Chutke’s son, Anand, was studying in an English-medium school and his daughter in a convent. Shivsagar was most dissatisfied with what he made of their education. All he ever saw his grandson read were comics, with his mouth working round a gob of chewing gum.
‘Arre, why do you have to chew cud all the time like some buffalo, huh?’ he asked his grandson one day. The boy did not even look up from the comic that he was reading. Shivsagar sat at the breakfast table with Chutke and his wife, his temper slowly rising to boiling point as the boy repeatedly ignored his father’s pleas to join them. Chutke was familiar with his father’s anger and hoped he would not get up and slap the boy. But that is exactly what Shivsagar did. He gave a sound cuff to his grandson. How was he to understand that what he thought was a deliberate deafness is the hallmark of a new generation of children. If they have a comic in their hands, you can go blue in the face before you get even a grunt in response. Chutke was a veteran of several cuffs
from his father and never dared to question his authority. Not so his son.
‘How dare you!’ he yelled back. ‘Who do you think you are to slap me?’
Faced with this brazen response, something snapped inside him and Shivsagar turned into the headmaster of a school who ruthlessly tanned disobedient students. ‘I’ll tell you who I am!’ he said grimly, and started raining blows on the child. Chutke’s wife pushed her chair and ran to snatch her son away from the hail of blows. She buried the child into her breast and turned to face him. ‘You are an animal,’ she spat at Shivsagar, ‘we do not beat our children in this house!’ Chutke sat with his head bowed, unable to say anything in defence of his wife or his father.

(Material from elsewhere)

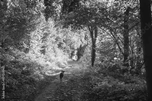 © Wirestock, Obraz premium Grayscale shot of a dog walking on a pathway in a forest

‘I see that,’ Shivsagar said with a sharp look at his son. ‘This is probably why you have a son like him. This boy is in the seventh class but can’t solve even a simple sum in arithmetic. He knows neither English nor Hindi. As for science, the less I say about that, the better. Tells me his father has given him a calculator so he doesn’t need to learn his tables! One day, when it’s too late to go back, you’ll realize that all these things have rusted his brain. Shame on you,’ he went on, ‘that you have not taught him the elementary niceties of talking respectfully to his elders and politely to the servants. Yesterday, when your orderly reached his school late to fetch him do you know what he said to him?’
‘What did I say?’ interrupted the brat rudely, advancing like a spitting cat from under his mother’s protective shield. Shivsagar felt if he could, the child would scratch his eyes out.
‘I can’t even bring my tongue to utter what you said,’ he told the child. ‘And when I offered to teach your pup,’ he spat at his son, still sitting motionless at the breakfast table, ‘your wife did not like it. I heard what she said to you in the veranda that evening, Chutke,’ he went on, ‘perhaps the poor thing did not see that I was reading the paper near the window and could hear every word.’